Бандера на цыпочках, по-звериному устремившись вперед, словно перед броском, вышел в переднюю и припал ухом к двери, мягко упершись в нее рысьими подушечками бесшумных пальцев, готовый в любую минуту отпрянуть, привалиться спиной к стене — тут пуля не прошибет.
Стук повторился — знакомый, тюремный — «тук-тук».
Бандера отлип от двери, достал из заднего кармана широких брюк вальтер, кивнул охраннику — «мол, открывай», и взвел курок.
На пороге стоял Роман Шухевич. Лицо его, по-прежнему пыльное, было счастливым.
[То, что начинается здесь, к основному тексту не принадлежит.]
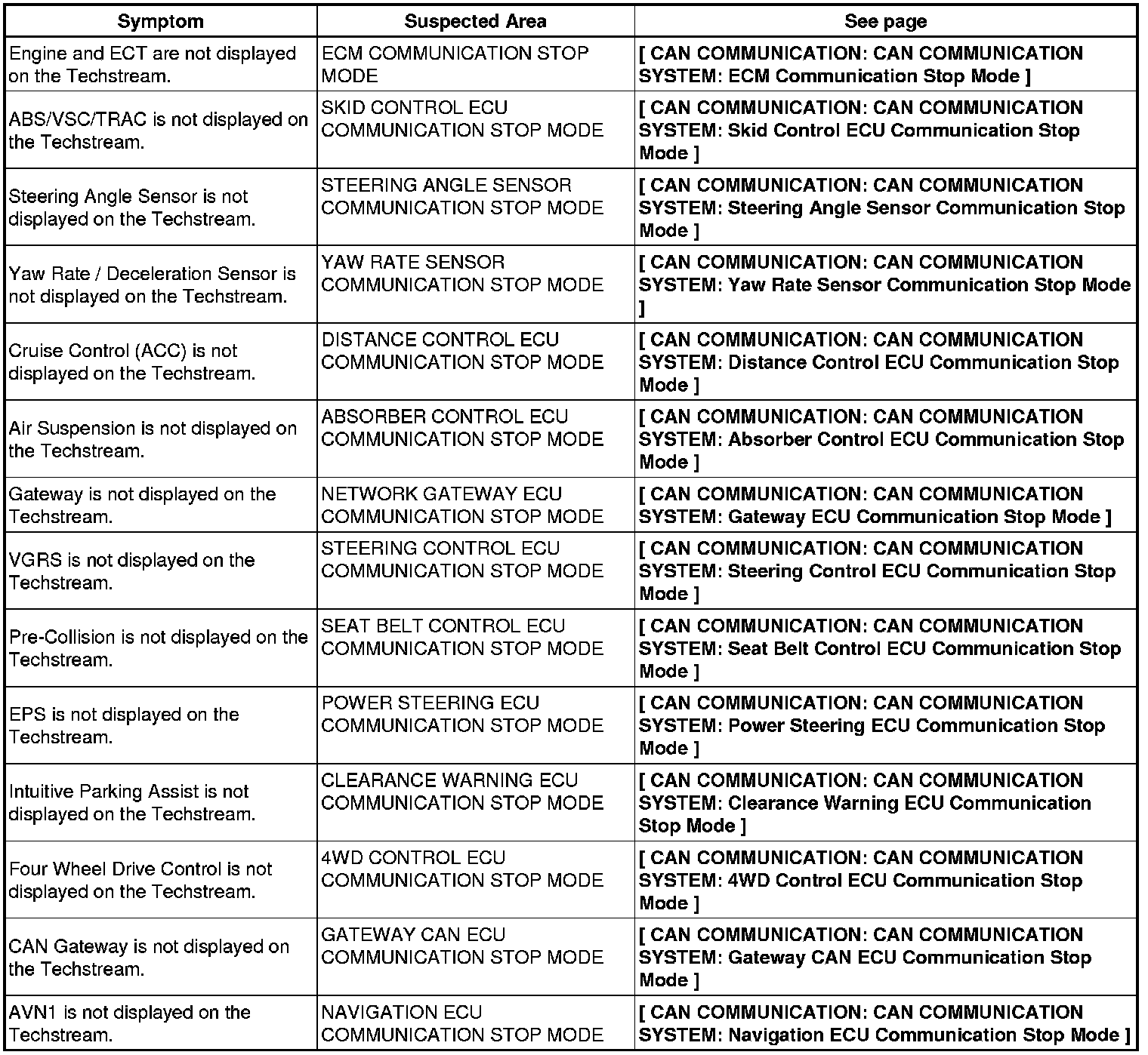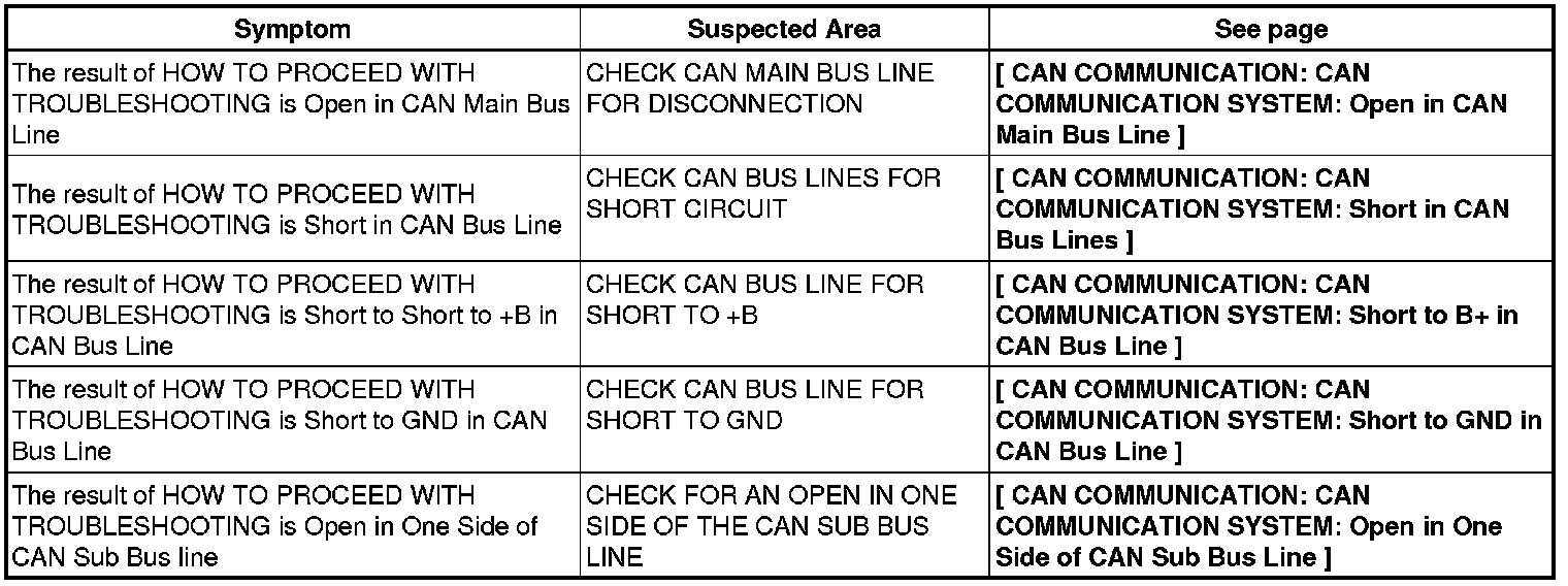 CAN COMMUNICATION: CAN COMMUNICATION SYSTEM: PROBLEM SYMPTOMS TABLE

— Ждет, — сказал он. — Едем.
Шептицкий внимательно оглядел Бандеру, потом мельком — Стецко и предложил им — усталым и рассеянным жестом — садиться.
Он увидел все, что хотел увидеть: и то, как Бандера пытался скрыть мелкую дрожь пальцев, и то, как Стецко выжидающе смотрел на «вождя» ОУН-Б, пока тот сядет, и только после того, как Бандера осторожно опустился в большое кожаное кресло, позволил себе последовать его примеру, и то, как капеллан Гриньох горящими глазами смотрел то на Бандеру, то на него, Шептицкого.
Митрополит подавил вздох: после его именитых, титулованных контрагентов ему предстоит иметь дело с мальчишками, лишенными главного, что отличает истинного политика, — п о р о д ы.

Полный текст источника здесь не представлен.